The packages TransPhylo (Didelot et al. 2014, 2017) and BEASTLIER (Hall et al. 2015) both employ MCMC sampling of partitioned trees to estimate transmission trees, for a fixed phylogeny in the former case and a variable one in the latter. The uniform sampling procedure detailed here, perhaps together with metrics on phylogeny and transmission tree space (Kendall and Colijn 2016; Kendall et al. 2018) may prove valuable in the design of improved transition kernels for these algorithms. A uniform sampler for transmission trees may also be useful in a two-stage importance sampling approach of the type employed by Numminen et al. (2014), wherein a uniform sample of transmission trees are sampled, given importance weights according to their likelihood under a model of transmission and then resampled with probability proportional to those weights.

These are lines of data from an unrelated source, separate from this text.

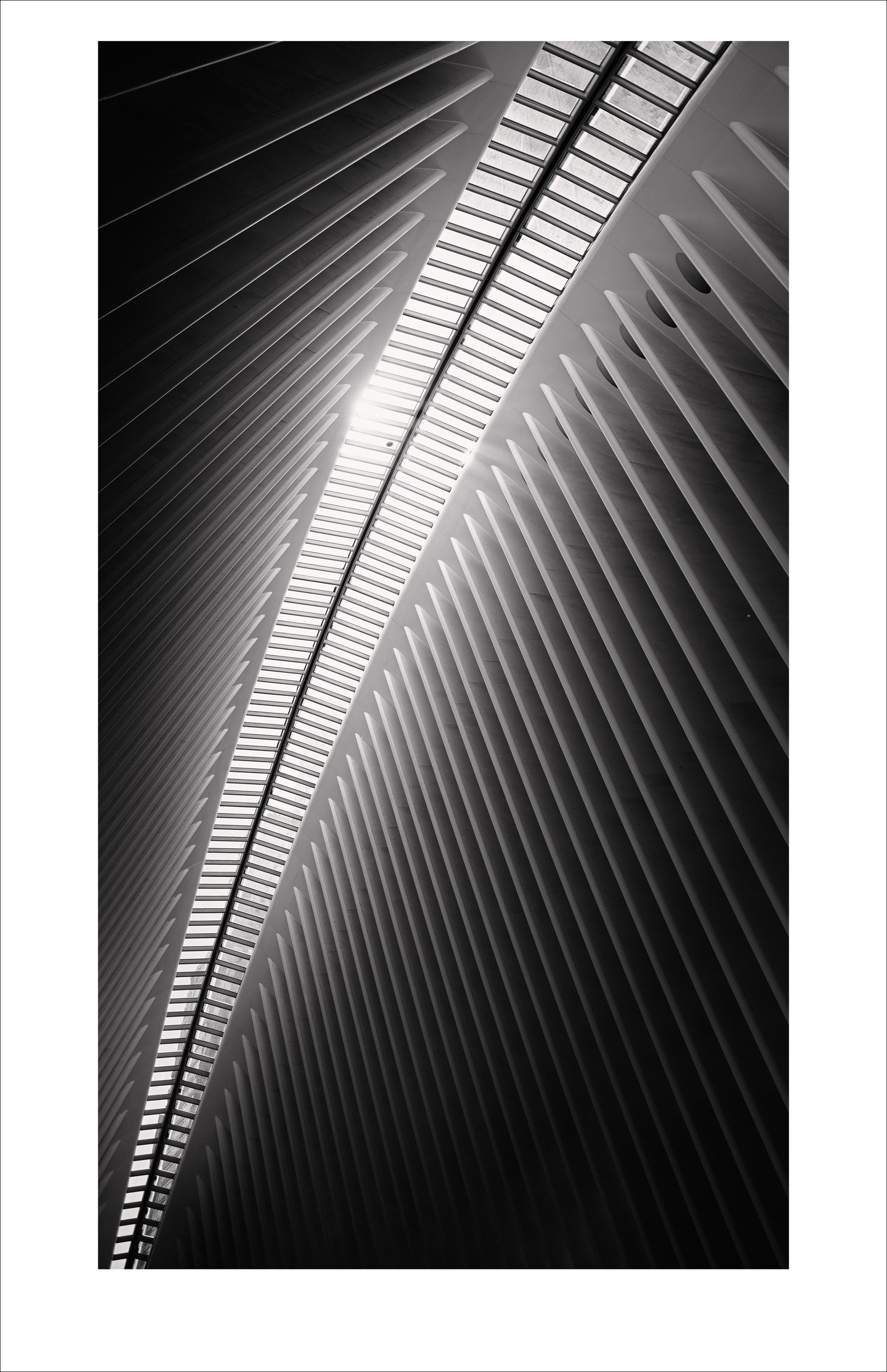 A high-contrast, black and white photograph of the interior architecture of the World Trade Center Oculus (Westfield World Trade Center), focusing on the repeating, skeletal ribs that define the space. A central, diagonal skylight bisects the composition, acting as a luminous anchor against the dark, receding shadows, emphasizing the structure’s grandeur and repeating geometric patterns.
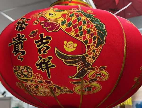 Подвесной китайский фонарик карпы с чашей изобилия.
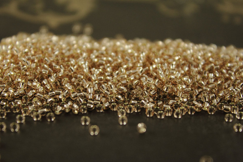 Бисер Япония круглый 11/0 250 г 0031 розалин, серебряная линия внутри
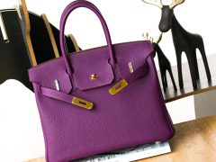 爱马仕铂金包尺寸有哪几种Hermes Birkin 25 Bag togoP9海葵紫 拼7T电光蓝
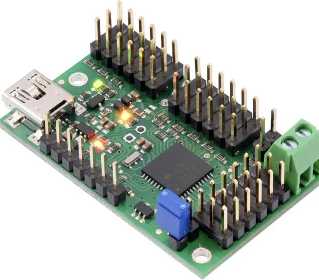 The Mini Maestros are the newest of Pololu' s second-generation USB servo controllers, offering more channels and features than the smaller six-channel Micro Maestro. The 18-channel Mini Maestro 18 raises the performance bar for serial servo controllers with features such as a native USB interface and internal scripting control. Whether you want the best servo control available ( 0.25 μ s resolution with built-in speed and acceleration control and pulse rates up to 333 Hz) or a general I/O controller (e. g. to interface with a sensor or ESC via your USB port), this compact, versatile device will deliver.

Furthermore, approaches such as TransPhylo, BEASTLIER, phybreak and others make use of a number of models and prior beliefs, such as the nature of the natural history of the pathogen (which is used to inform a likelihood based on time between infection and transmission using a generation time), the sampling fraction and sampling process, and a coalescent model for the within-host pathogen evolution. These parameters are difficult to estimate in any single outbreak data set (particularly in-host evolutionary parameters), and may vary from one outbreak or setting to the next. Reusing past estimates may not solve the problem. The ability to very rapidly sample from all transmission trees consistent with a phylogeny could allow outbreak investigators to quickly get a grip on which putative transmission events are and are not consistent with genomic data, without making strong assumptions on unknown parameters. That the STraTUS sample occupies a larger area of transmission tree space than the TransPhylo sample is presumably a consequence of the uniform sampling approach giving equal probabilities to histories that are outliers according to the TransPhylo model. However, the fact that the TransPhylo set is fully contained in the area covered by the STraTUS set is encouraging. This is true only when the number of unsampled hosts is roughly similar, and hence acquiring an at least reasonably accurate estimate of that number would be advisable.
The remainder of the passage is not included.